Easing east. Wondering how the police had located him. Of course he'd expected they'd find the drowned body of the woman lawyer sometime today. But they'd moved too fast – it was as if they'd anticipated that he'd kidnap someone in that part of the city, maybe even at the riding academy itself. How?

Farther east.

Past the booths, past the concession stand, past a Dixieland band on a red, white and blue draped stage. Ahead of him was the exit – the east stairway leading from the square down to Broadway. Only another fifty feet to freedom, forty. Thirty…

But then he saw flashing lights. They seemed nearly as bright as the burst from the flash cotton he'd used to escape from the redheaded officer. The lights were atop four squad cars that squealed to a stop beside the stairway. A half-dozen uniformed officers jumped out. They scanned the stairs and remained with their cars. Meanwhile other officers, in plain clothes, were arriving. They now climbed the stairs and merged into the crowd, looking over the men at the fair.

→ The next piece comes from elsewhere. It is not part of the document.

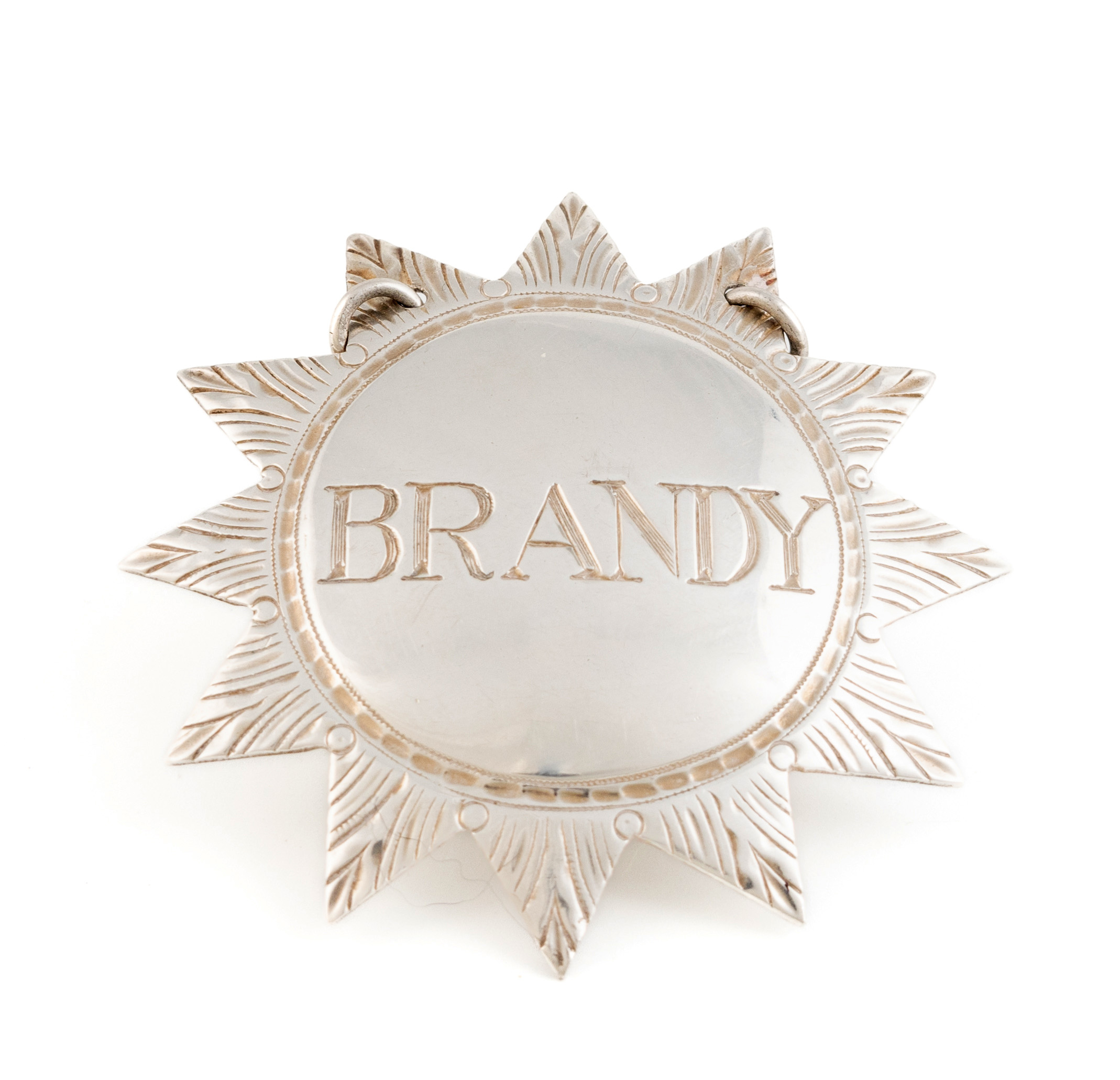 twelve pointed star form with an engraved decorative border, incised 'Brandy', length 5cm, approx. weight 0.3oz.

Now surrounded, Malerick turned and headed back toward the center of the festival.

The plain-clothed officers were slowly moving westward. They were stopping men in their fifties who were clean shaven, wearing light shirts and tan slacks.

Exactly like him.

But they were also stopping fifty-year-olds who were bearded and were wearing other clothes. Which meant they knew about his quick-change techniques.

Then he saw what he'd been dreading: The policewoman with the steely eyes and fiery red hair, who'd tried to arrest him at the pond, appeared at the top of the stairs at the west end of the fair. She plunged into the crowd.